Wood provided to the court records from Hall’s inmate files showing that during his incarceration, Hall was asked about his mental state and denied being suicidal on seven occasions. Hall also was offered but refused mental health counseling four times, according to the records.

“The fact that Dr. Wood did not diagnose depression or suicidal tendencies which were flatly denied by Mr. Hall does not amount to deliberate indifference” to his care, the legal standard that plaintiffs must demonstrate has been violated, Wood’s motion said. “Dr. Wood knew that mental health professionals were involved in caring for Mr. Hall. There is no evidence that Dr. Wood acted with deliberate indifference to any substantial risk of suicide.”

Wood’s attorneys cited a 10th U.S. Circuit Court of Appeals ruling that said, “strange behavior alone, without indications that that behavior has a substantial likelihood of taking a suicidal turn, does not give rise to deliberate indifference.”

Documents submitted by Wood’s attorneys show numerous notations by jail deputies and nurses that Hall experienced hallucinations, paced naked in his cell, would not respond to deputies or nurses and often refused meals.

On Feb. 23, 2017, Hall was moved to the jail’s medical unit and put on suicide watch as a precaution after deputies said he attempted to jump off a jail tier, according to the jail record.

At about 11 p.m. the next day, according to the suit, jailers saw Hall lying on the floor, bleeding from his head. Surveillance video showed Hall was banging his head on the cell’s brick wall for several minutes before he climbed to the railing behind the toilet and jumped off, landing on the floor head first.
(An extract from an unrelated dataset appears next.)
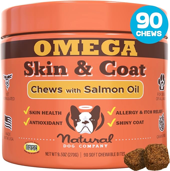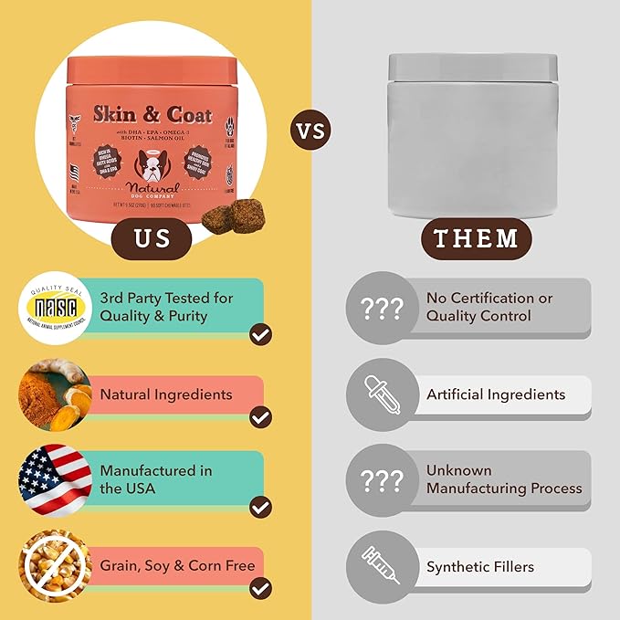 • Effective Dog Skin & Coat Supplement: Natural Dog Company Skin & Coat Supplement Chews may help support your dog's health from the inside out with our nutrient dense formula Enriched with biotin, vitamin C, vitamin E, EPA, DHA, omega-3 and omega-6 fatty acids, Linoleic Acid, Alpha Linolenic Acid

The suit accused the jail of lax suicide monitoring and alleged that nurses and deputies failed to secure Hall’s cervical spine after the fall. The record showed that personnel turned Hall over, lifted him to a sitting position, and deputies handcuffed him. Hall died two weeks later at a local hospital, having suffered a spinal cord injury.

In separate documents, the county has denied all of the lawsuit’s claims and has asked that the suit be dismissed.

Wood, his attorneys said, saw Hall on May 25, 2016, for an evaluation after Hall was on suicide watch. “I believed that, given his demeanor, he would not do well in the general population” of the jail at that time, Wood said in an affidavit accompanying his latest motion. “I recommended that he stay in medical housing and be re-evaluated.” A different health care provider the next day approved Hall’s transfer back to the general population.

Wood said that the 2016 evaluation was the last time he saw Hall. He said he was not notified about Hall being placed on suicide watch again the day before his death. “I generally relied on the mental health workers (at the jail) to make a determination of suicide risk, because they were specially trained in making such an assessment,” he said.

Ogden police arrested Hall in September 2015 after he allegedly scuffled with officers. In September 2016, a judge ordered that Hall be committed to the state hospital for a mental competency evaluation. His attorney requested the evaluation, saying Hall’s mother said her son had been diagnosed with schizophrenia. But due to backlogs at the state hospital, Hall’s evaluation was delayed.

The Weber jail’s medical operations were revamped in 2020, with a national contractor replacing all functions previously provided by Wood, jail-employed nurses and others. This year, the sheriff’s office is reviewing plans for a possible new medical wing.